Set down only the lines from the one containing "The image features" through the final line of the entries below, exactly as they stand, with no pictures.

■ ■ ■ ■ ■

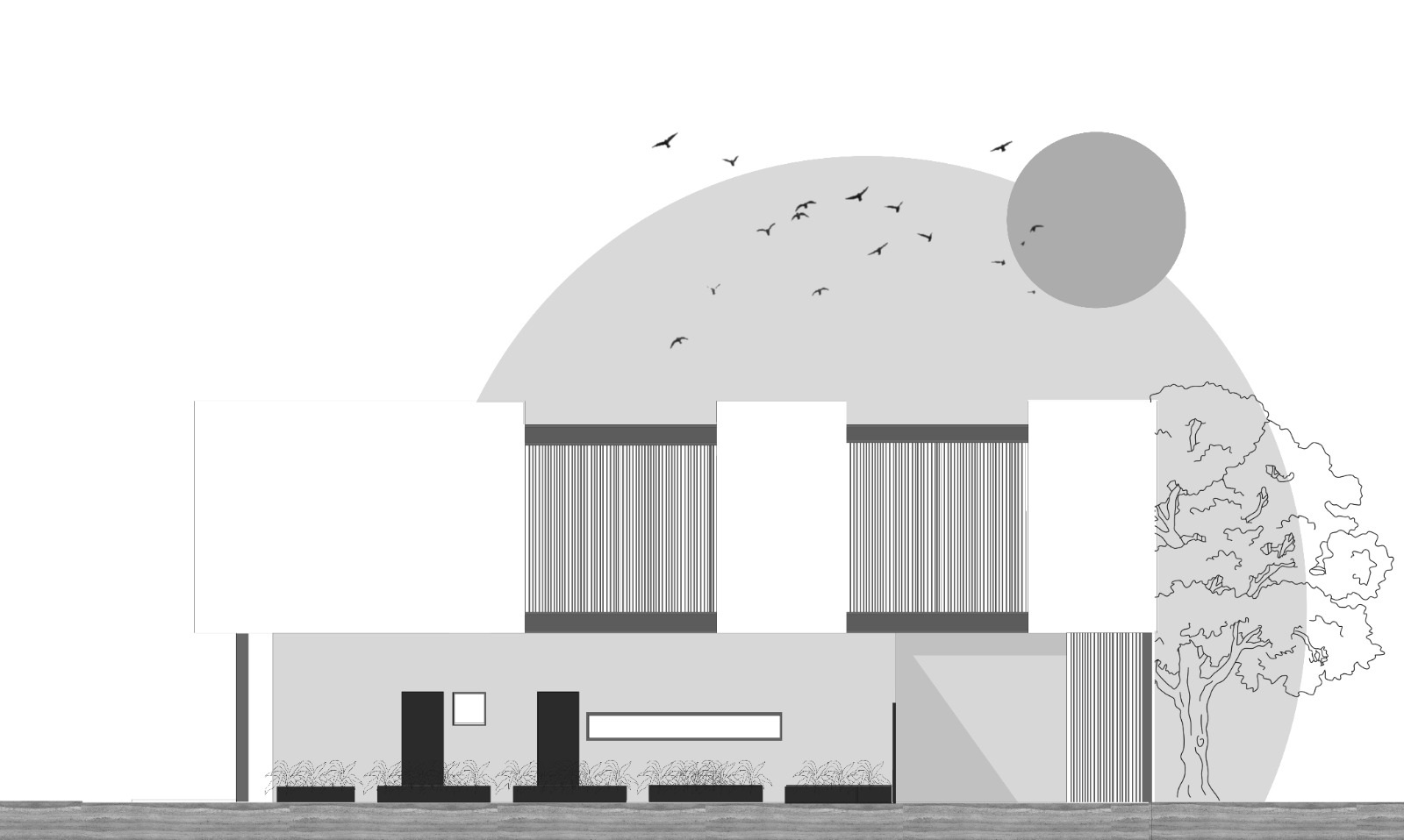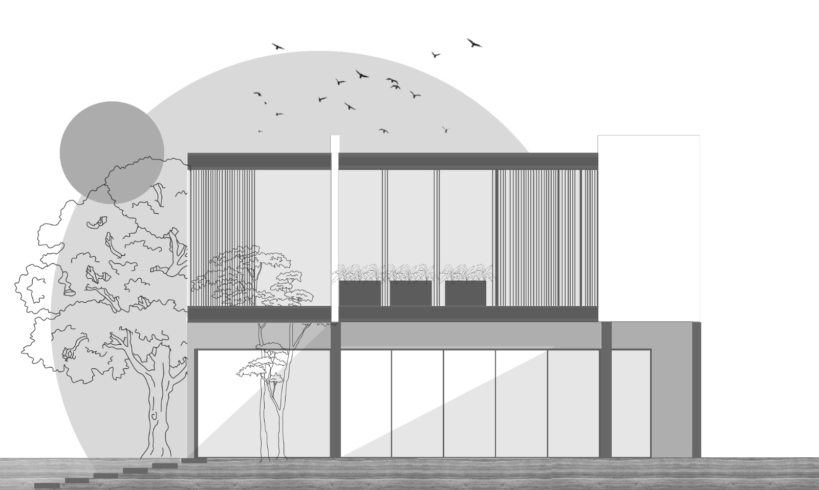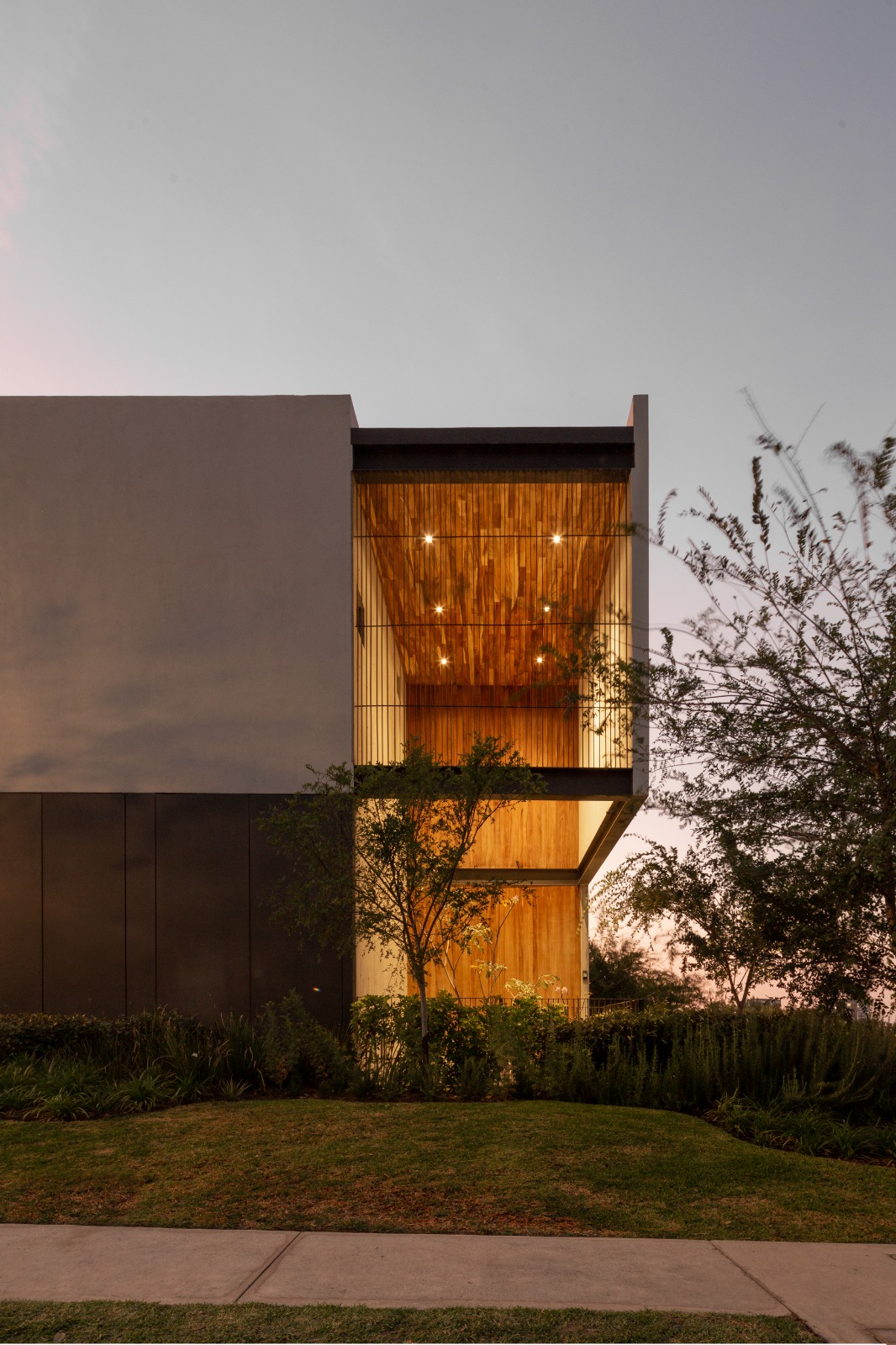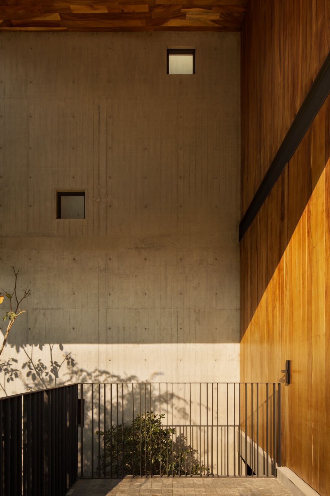 La dialéctica de los materiales, concreto-madera-acero integran el proyecto para dar calidez en su interior y conectar los diferentes espacios del exterior.
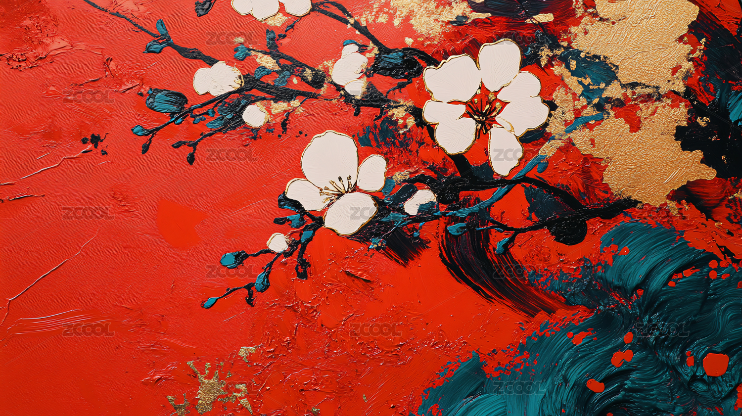 红色花朵艺术画作
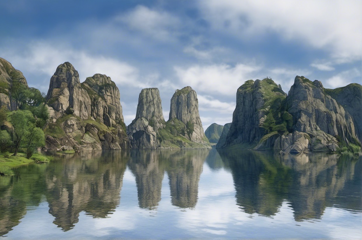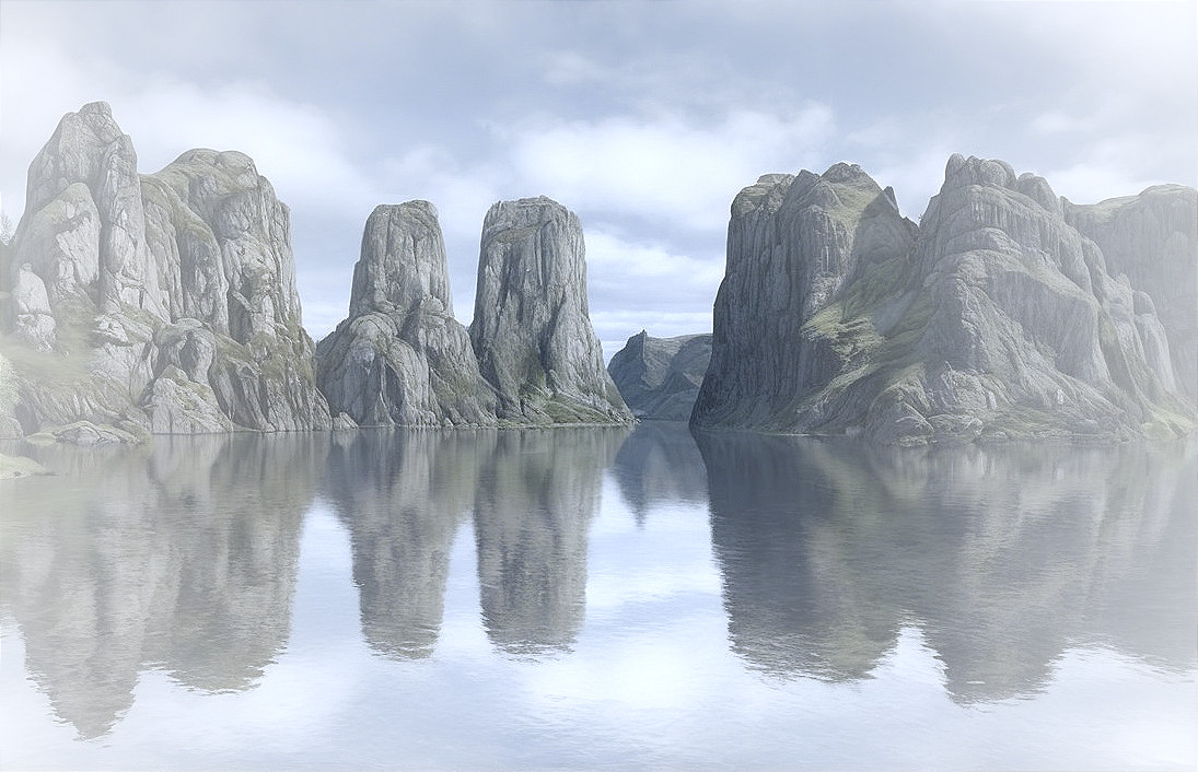 The image features towering rocky formations rising from a calm body of water, with their reflections mirrored on the surface, set against a soft, muted sky.
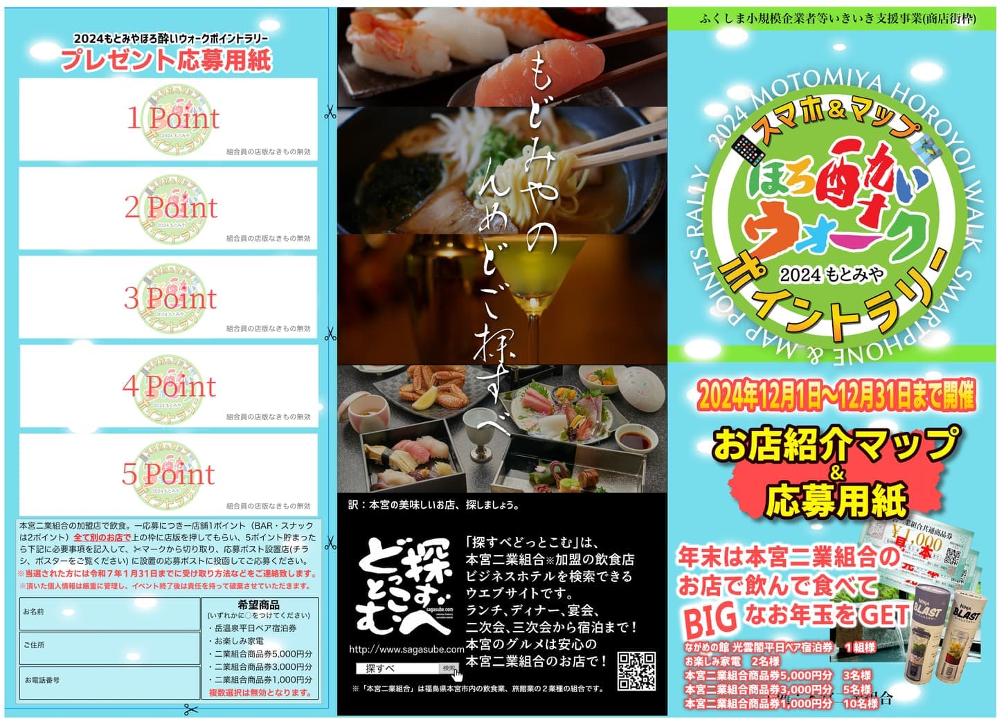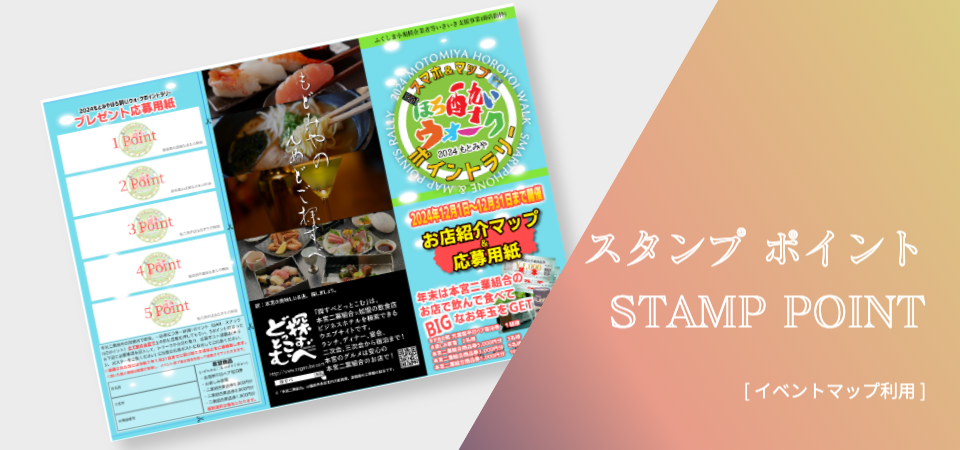 2024もとみやほろ酔いウォークポイントラリーは、期間中に本宮二業組合加盟店(42店舗)をご利用していただき、5ポイントを一口として豪華プレゼントに応募できるイベントです。ポイントはお店の業種により異なり、1,500円のご飲食で「バー」「スナック」は【2ポイント】。その他の店舗は1ポイント付与となります。
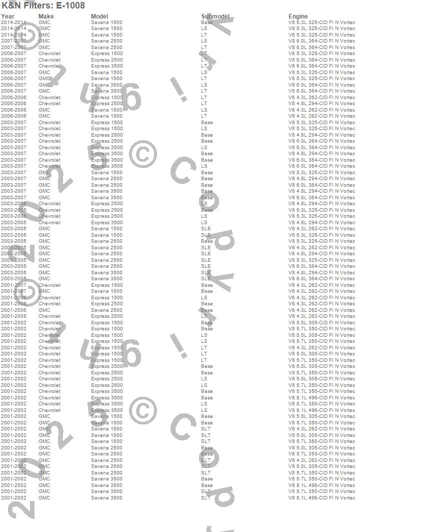 Below is an abreviated list of applications for the Air Filter.

■ ■ ■ ■ ■

== Answer for this exercise ==
 The image features towering rocky formations rising from a calm body of water, with their reflections mirrored on the surface, set against a soft, muted sky.
 2024もとみやほろ酔いウォークポイントラリーは、期間中に本宮二業組合加盟店(42店舗)をご利用していただき、5ポイントを一口として豪華プレゼントに応募できるイベントです。ポイントはお店の業種により異なり、1,500円のご飲食で「バー」「スナック」は【2ポイント】。その他の店舗は1ポイント付与となります。
 Below is an abreviated list of applications for the Air Filter.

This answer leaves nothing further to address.